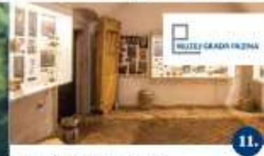
MUZEJ GRADA PAZINA / MUSEO DI PISINO Projekt muzeja Visita del museo
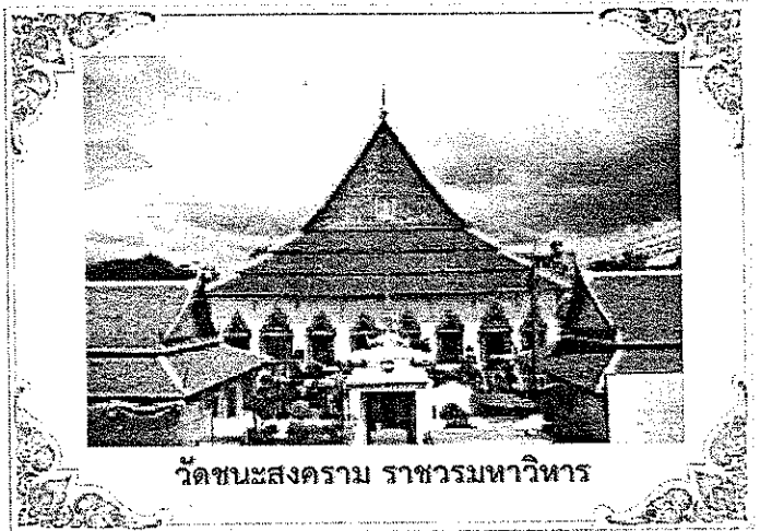
วัดชนะสงคราม ราชวรมหาวิหาร

ด้วย "ศาลปกครอง" ได้รับพระมหากรุณาธิคุณโปรดเกล้าฯ พระราชทานผ้าพระกฐินให้นำไปถวายพระสงฆ์จำพรรษา ณ พระอารามหลวงต่าง ๆ เป็นประจำทุกปี ซึ่งพิธีถวายผ้าพระกฐินพระราชทานนี้ จัดเป็นประจำและเป็นพิธีที่สำคัญทางพระพุทธศาสนา โดยถวายผ้าพระกฐินฯ แต่พระสงฆ์ที่จำพรรษา ณ วัดนั้น ๆ ได้ปีละครั้ง ในการร่วมบำเพ็ญบุญและร่วมอนุโมทนา "กฐิน" นับว่าเป็นบุญมหากุศลเป็นอันมาก ซึ่งพุทธศาสนิกชนทั้งหลายได้ปฏิบัติสืบต่อกันมา
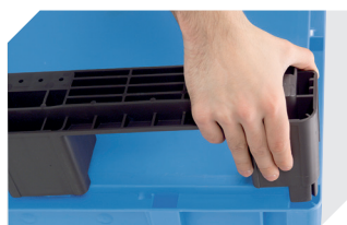
Kit de semelles pour bacs gerbables norme Europe, série XL 43-20273
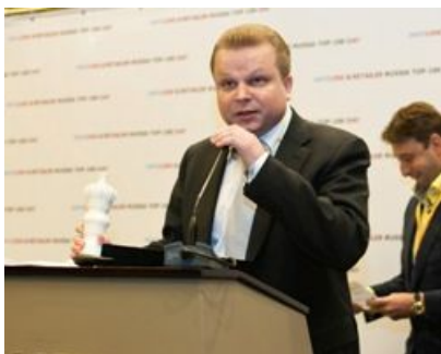
«Центробувь» , номинация «Лучшие среди равных» в сегменте «Одежда и обувь»
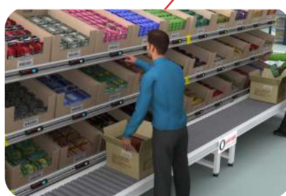
Pick to light
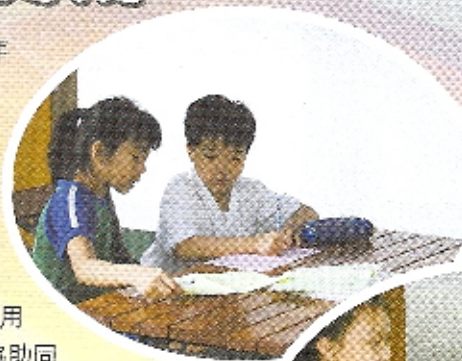
愛心大使悉心指導同學如何閱讀文章

綜觀受助同學、愛心大使及老師的評估問卷，大家也認同活動有助改善小二同學的謄字及寫作能力。
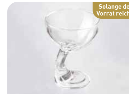
Djerba Art.-Nr. 36 750 Größe: H 14 cm, Ø 11 cm VE: 12 Stück à 350 ml Preis: € 28,00
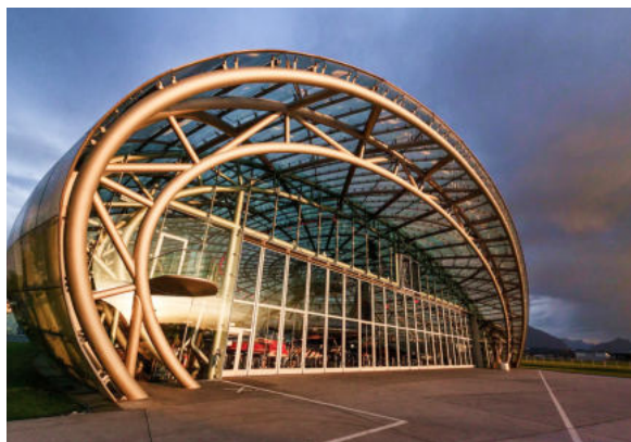
гаражей, боксов, ангаров
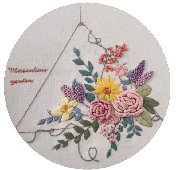
《花园》鲁绣 学生：李文慧 指导教师：张欣
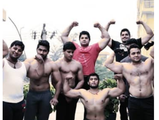
ପାଇବାକୁ ଅଳ୍ପକେ ବଞ୍ଚିତ ହୋଇଥିଲେ । ପରେ ସେ ଜଣେ ବାଉଁଶର ଭାବେ ନିଜ ଜୀବିକା ନିର୍ବାହ କରିଥିଲେ । ତାଙ୍କ ସଫଳତା ଗାଁର ଅନ୍ୟ ଲୋକଙ୍କୁ ପ୍ରେରଣା ଦେଇଥିଲା । ସେମାନେ ମଧ୍ୟ ବାଉଁଶର ଭାବେ କାର୍ଯ୍ୟ କରି ନିଜ ଶାରୀରିକ ଶକ୍ତିକୁ ଜୀବିକାରେ ପରିଣତ କରିବାକୁ ନିଷ୍ପତ୍ତି ନେଇଥିଲେ ।
# # # # # # #
Work order:
A word-for-word copy of the listing is the goal; keep every picture out of it.

Reply to the exercise:
MUZEJ GRADA PAZINA / MUSEO DI PISINO Projekt muzeja Visita del museo
วัดชนะสงคราม ราชวรมหาวิหาร

ด้วย "ศาลปกครอง" ได้รับพระมหากรุณาธิคุณโปรดเกล้าฯ พระราชทานผ้าพระกฐินให้นำไปถวายพระสงฆ์จำพรรษา ณ พระอารามหลวงต่าง ๆ เป็นประจำทุกปี ซึ่งพิธีถวายผ้าพระกฐินพระราชทานนี้ จัดเป็นประจำและเป็นพิธีที่สำคัญทางพระพุทธศาสนา โดยถวายผ้าพระกฐินฯ แต่พระสงฆ์ที่จำพรรษา ณ วัดนั้น ๆ ได้ปีละครั้ง ในการร่วมบำเพ็ญบุญและร่วมอนุโมทนา "กฐิน" นับว่าเป็นบุญมหากุศลเป็นอันมาก ซึ่งพุทธศาสนิกชนทั้งหลายได้ปฏิบัติสืบต่อกันมา
Kit de semelles pour bacs gerbables norme Europe, série XL 43-20273
«Центробувь» , номинация «Лучшие среди равных» в сегменте «Одежда и обувь»
Pick to light
愛心大使悉心指導同學如何閱讀文章

綜觀受助同學、愛心大使及老師的評估問卷，大家也認同活動有助改善小二同學的謄字及寫作能力。
Djerba Art.-Nr. 36 750 Größe: H 14 cm, Ø 11 cm VE: 12 Stück à 350 ml Preis: € 28,00
гаражей, боксов, ангаров
《花园》鲁绣 学生：李文慧 指导教师：张欣
ପାଇବାକୁ ଅଳ୍ପକେ ବଞ୍ଚିତ ହୋଇଥିଲେ । ପରେ ସେ ଜଣେ ବାଉଁଶର ଭାବେ ନିଜ ଜୀବିକା ନିର୍ବାହ କରିଥିଲେ । ତାଙ୍କ ସଫଳତା ଗାଁର ଅନ୍ୟ ଲୋକଙ୍କୁ ପ୍ରେରଣା ଦେଇଥିଲା । ସେମାନେ ମଧ୍ୟ ବାଉଁଶର ଭାବେ କାର୍ଯ୍ୟ କରି ନିଜ ଶାରୀରିକ ଶକ୍ତିକୁ ଜୀବିକାରେ ପରିଣତ କରିବାକୁ ନିଷ୍ପତ୍ତି ନେଇଥିଲେ ।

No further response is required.